Tuesday, March 16, 2010

London Days 5 and 6

Wednesday morning was very cold but sunny.  Since the kids planned to sleep late, Kathy and I headed out on our own, figuring we’d go to see Buckingham Palace.  When we got to the Green Park tube stop, though, we saw a bus for the “Big Bus” sightseeing tour and decided to hop on it instead of going from place to place on our own.  We headed up to the open topped upper level of the double decker bus and, after a stop or two, made it to the very front.  Though the blowing wind made me wrap my scarf around my head, the sun balanced it out a little bit and the great views of everything we were passing made the cold worthwhile.  We spent the next several hours going to Westminster Abbey and Parliament, St.

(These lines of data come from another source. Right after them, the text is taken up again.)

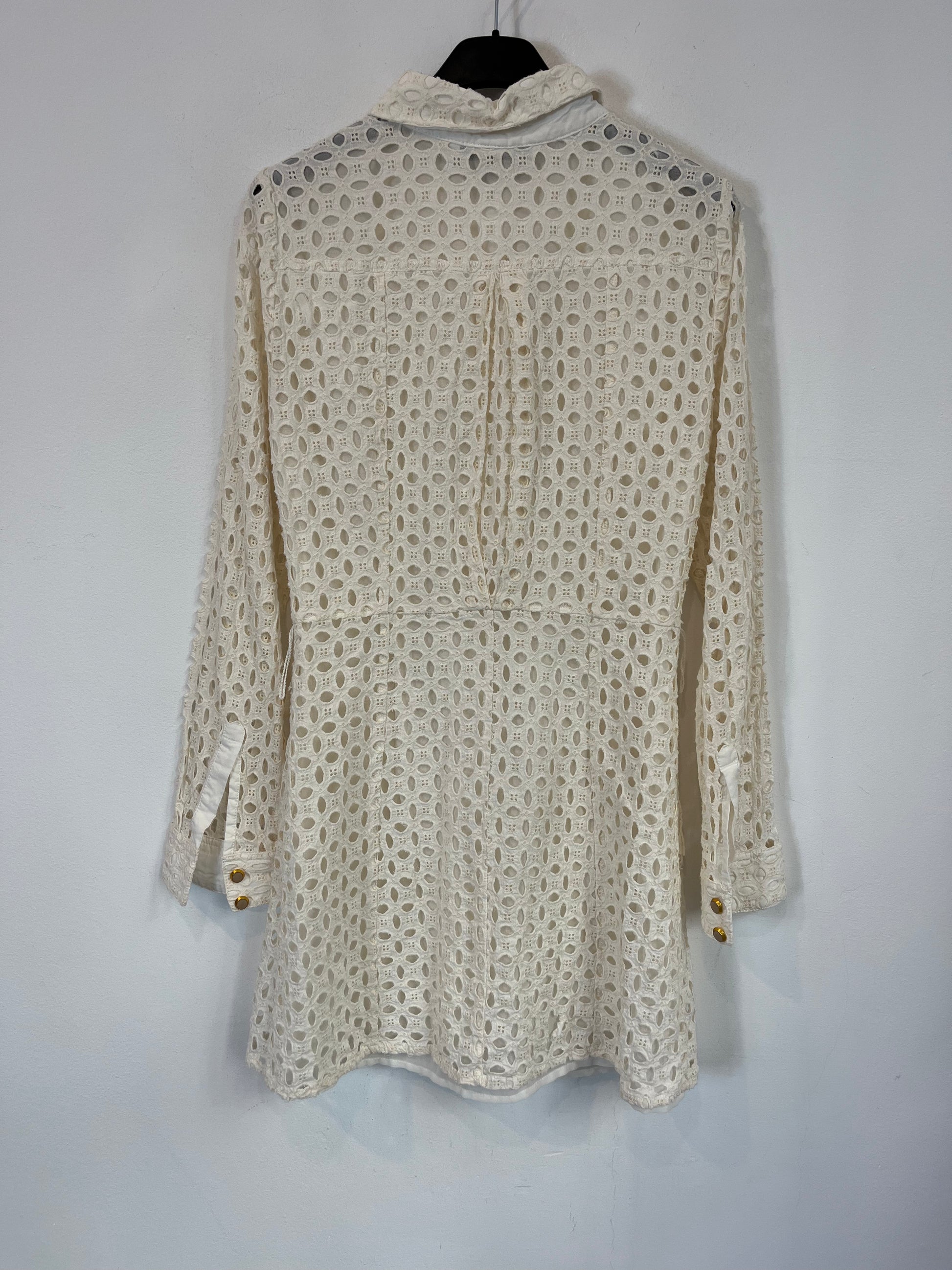 ZARA. Vestido beige troquelado T.xs
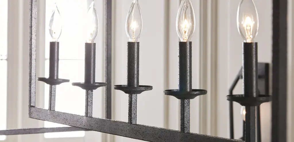 Clean lines and fine details are eloquently articulated in Killian, a sophisticated chandelier that's perfect for spaces where an elongated fixture is needed. Crisp lines and a captivating silhouette draw the eye toward the six candles. Unembellished but expressive with a unique textured finish, Killian offers casual contemporary style blended with elements of bold industrial design.
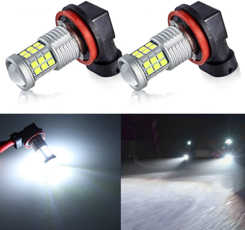 2.KISLED超亮3000lm H8 H11 LED雾灯灯泡DRL高功率3030芯片与投影仪镜头,6000K氙气白
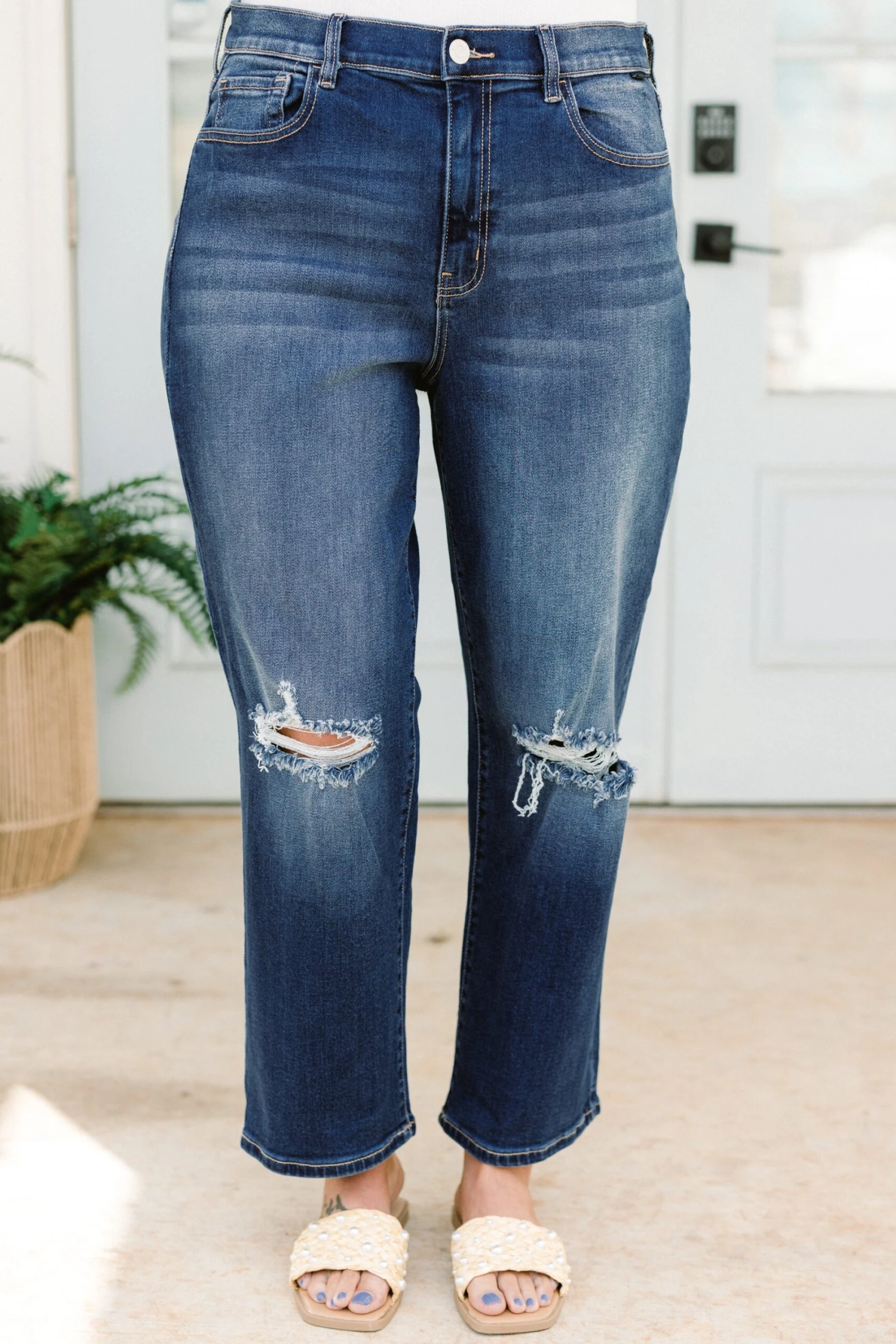 Get the perfect fit with our Everything You Need Jeans! Designed with a high rise and straight leg, these jeans will flatter your figure while providing a comfortable and stylish look! Plus, the distressed knees add an edgy touch! It’s everything you need and want in a pair of jeans!
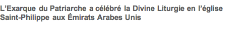 M. Oleg Fomin, Consul général de la Fédération de Russie à Dubaï et aux émirats du nord (EAU) et M. Andrei Vadov, Consul général de la Fédération de Russie à Racht (Iran) ont été également présents à la Liturgie.
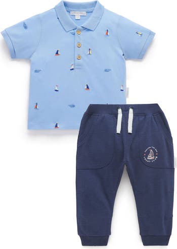 Our Yacht Polo Set is a great outfit for play. Featuring a functional and stylish polo shirt with an all over embroidery of yachts and whales, and comfortable slouchy pants made from stretchy unbrushed fleece. Made from our 100% Cotton for a soft and breathable outfit.
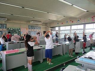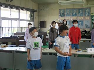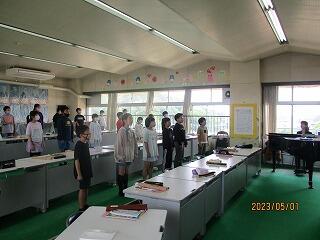 3年生の音楽では、ウォーミングアップの発声と校歌を練習している様子です。
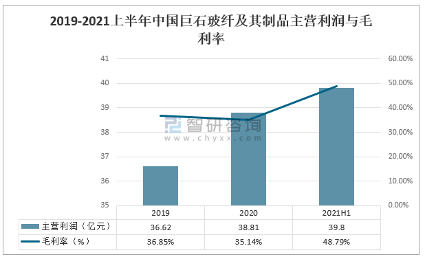 2019-2021上半年中國巨石玻纖及其制品主營利潤與毛利率
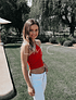 Auto ajustable en cuello con sus 2 tirantes lo amarras según tu comodidad.
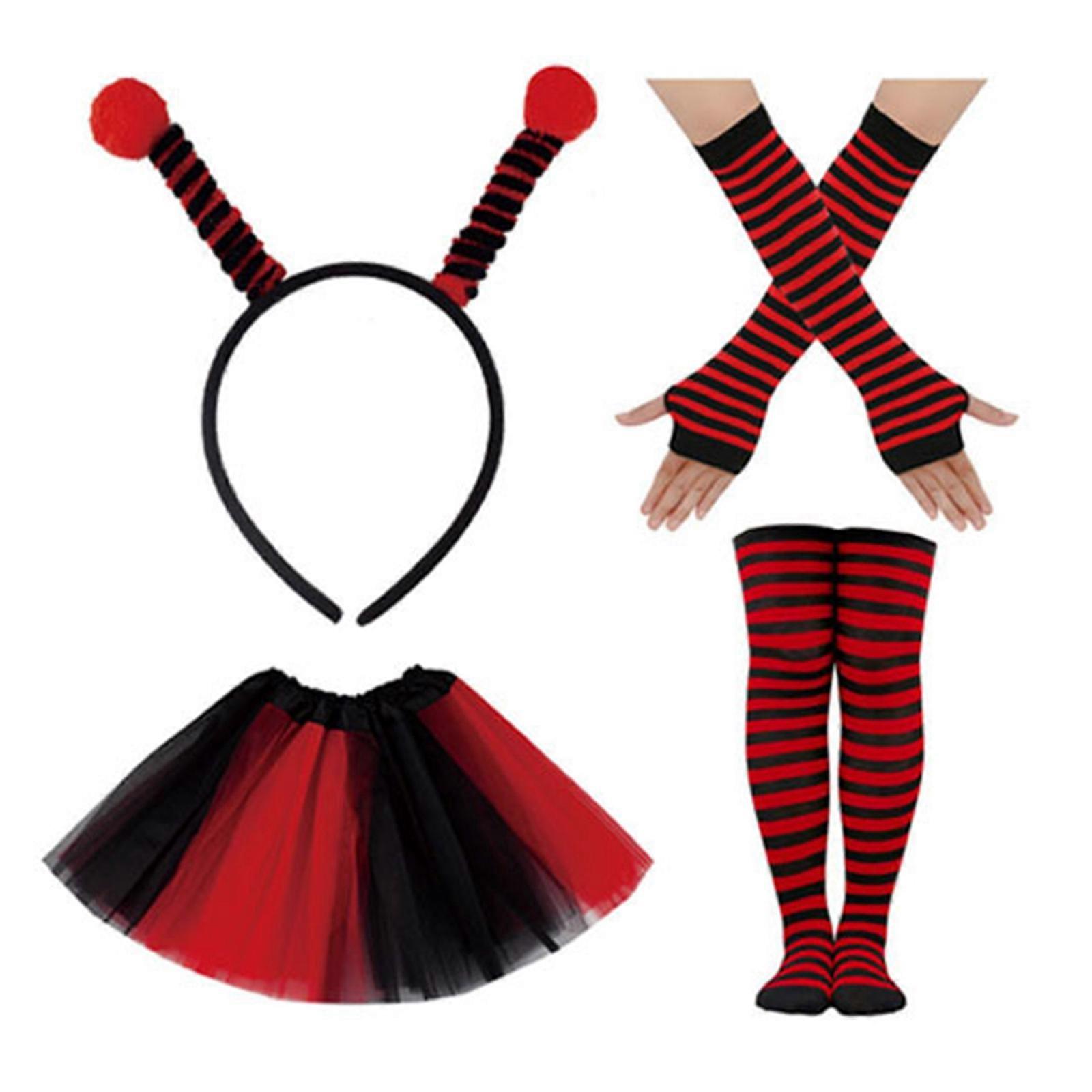 4Pcs Bees Costume Set for Adult Birthday Halloween Cosplay Party, Bees Dress up Costume Headbands Skirt Stocking Gloves Red
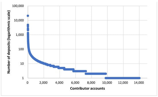 As mentioned above, the research has two methodological shortfalls. First, we counted events (deposits per laboratory per year). If a deposit (article, communication, etc.) has coauthors from two different laboratories from our sample, it will be counted twice (duplicates), which means that the absolute numbers are overestimated. However, a precise analysis of the 2020 events (166,939) shows that this systematic bias is not important (2869, or 1.7%). Second, we assessed the activity of each contributor’s account, but we did not assess each deposit. In other words, we cannot compare the metadata of authors with the contributor account, as performed by [,]. Thus far, our results are similar enough to those based on direct matching between the creator (author) and contributor fields to provide complementary, valid evidence to these former studies.
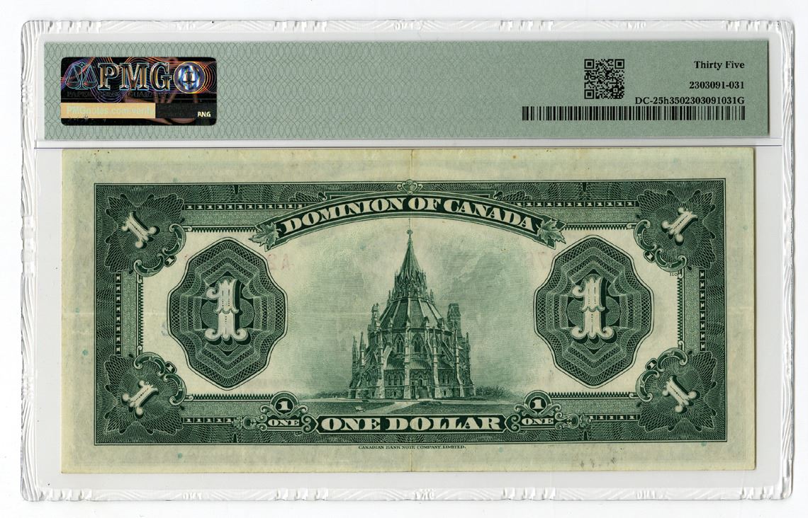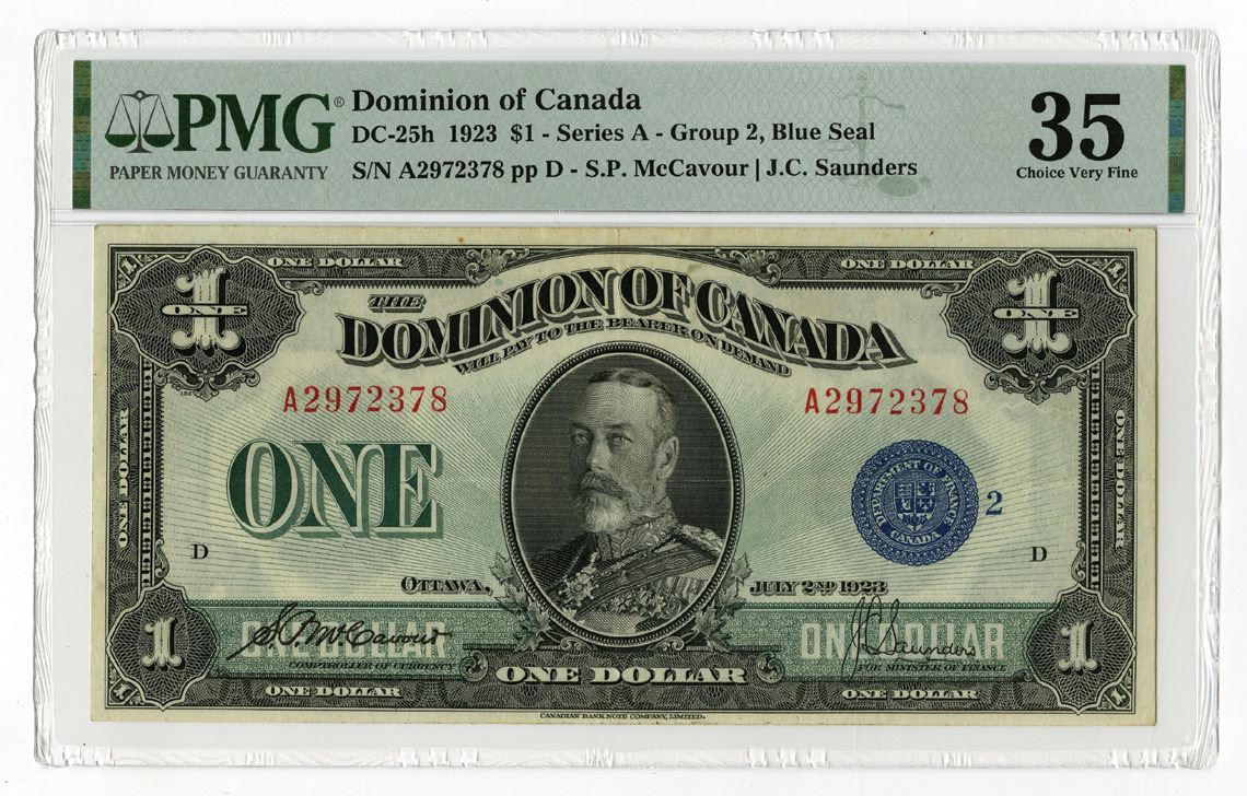 Canada, 1923. 1 Dollar, P-33h DC-25h, Issued Banknote, Black on green underprint and Portrait of King George V at center, Back is green with Library of Parliament at center, S/N A2972378 pp D, PMG graded Choice Very Fine 35, CBNC.
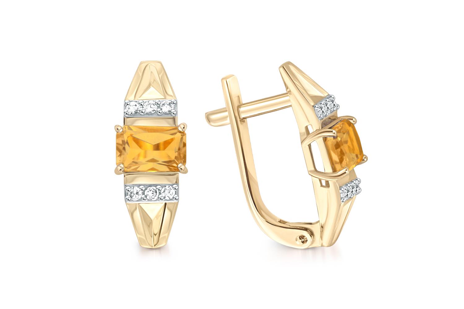 Мастера компании NEWGOLD, приложив всё свое мастерство и искусство, создали для Вас на нашем собственном производстве Серьги из жёлтого золота с 2 цитринами и 12 фианитами.

Paul’s Cathedral, Buckingham Palace, the Marble Arch, 10 Downing Street, and a whole series of other typical London attractions. 
            When we got back in the early afternoon, the kids had gone out shopping for new clothes to wear to the club they were planning to attend that evening.  We headed back out to find some lunch, heading not toward  Brompton Road or South Kensington as we usually did but toward Sloane Street instead.  The weather had gotten very, very cold and it had begun to rain again, so we ducked into a nearby tea house to eat then headed back to the flat. 
            That evening, once Dan and Becca were back, we headed down Brompton Road, past Harrods and Harvey Nichols, to eat dinner at Wagamama’s.   the noodle restaurant chain that’s popular throughout the UK and elsewhere in the world, but isn’t in the US anywhere but in Boston.  Becca was in noodle heaven, I think, starting with dumplings and a large bowl of miso noodle soup.  Dan, Kathy and I also enjoyed our meals.  After dinner we walked back to Eggerton Gardens.  Becca and Dan got ready to go to clubbing at Gay Late.  Kathy settled down to finish Killer Angels and I used the evening to grade assignments my students had submitted while I was away.

            On Thursday morning it was pouring out and the temperature had dropped.  We were all tired (and I was touristed out) so we decided to take it easy for the day.  Late in the morning Kathy and I went to the Victoria and Albert Museum which was only a few blocks away.  I’d seen on their website that they had five of Leonardo daVinci’s notebooks and wanted to see them.  Just before we went in, we passed a statue of John Henry Cardinal Newman, whose Apologia had been a favorite of mine in my junior year of college.

 When we got in the museum, it was packed. (It was a vacation week in Britain, so parents had brought their children to the museum to get them out of the house but also out of the rain.)  At the information desk we asked where the notebooks were but no one knew.  We were sent from one section of the museum to another looking for them.  Finally, as we were both complaining loudly after being sent to the sixth gallery that ended up with no daVinci notebook a docent in the room came over and explained that the notebooks weren’t all out on display at the moment—that there was only one available and only one page of it could be seen.  She walked us over to the gallery room where it was currently on display.  I was extremely disappointed.  We decided to head next to the gallery rooms with the oldest pieces in the museum’s collection. (The V&A doesn’t have anything from the ancient Egyptians, Babylonians, Assyrians, etc. that I so love to visit when I’m at the Met.)  It turned out to be closed (as were many of the galleries), so we went to see the oldest Celtic artifacts, many of which were copies of old Celtic crosses with the markings that I’d researched when we were in Wales a few summers before.  By now it was lunch time so we tried to get to the cafeteria, but it ended up being swamped by people.  We walked back to the entrance through the part of the Asia gallery that was open and saw the exhibit that I thought was the best in the museum—an arrangement of Buddha and bodhisattva statues reflecting the changes and styles of the various periods in which they’d been created—before heading back out into the rain.

            That evening, after doing the laundry and packing for the next day’s flight home, the four of us went back to Covant Gardens and took a stroll through Chinatown before going to see “Avenue Q.”  The show itself was enjoyable and we had very good seats, though it felt a little strange sitting in a London theater to see a play that had been on Broadway for so many years and had a setting in New York. 
            The next morning the driver who had met us the first day arrived promptly at 5:45 to take Kathy, Becca and me to the airport.  Dan slept a bit later before leaving the apartment about 10 am to head off by the Bullet train to meet a friend of his studying in Brussels at the Lille, France train station.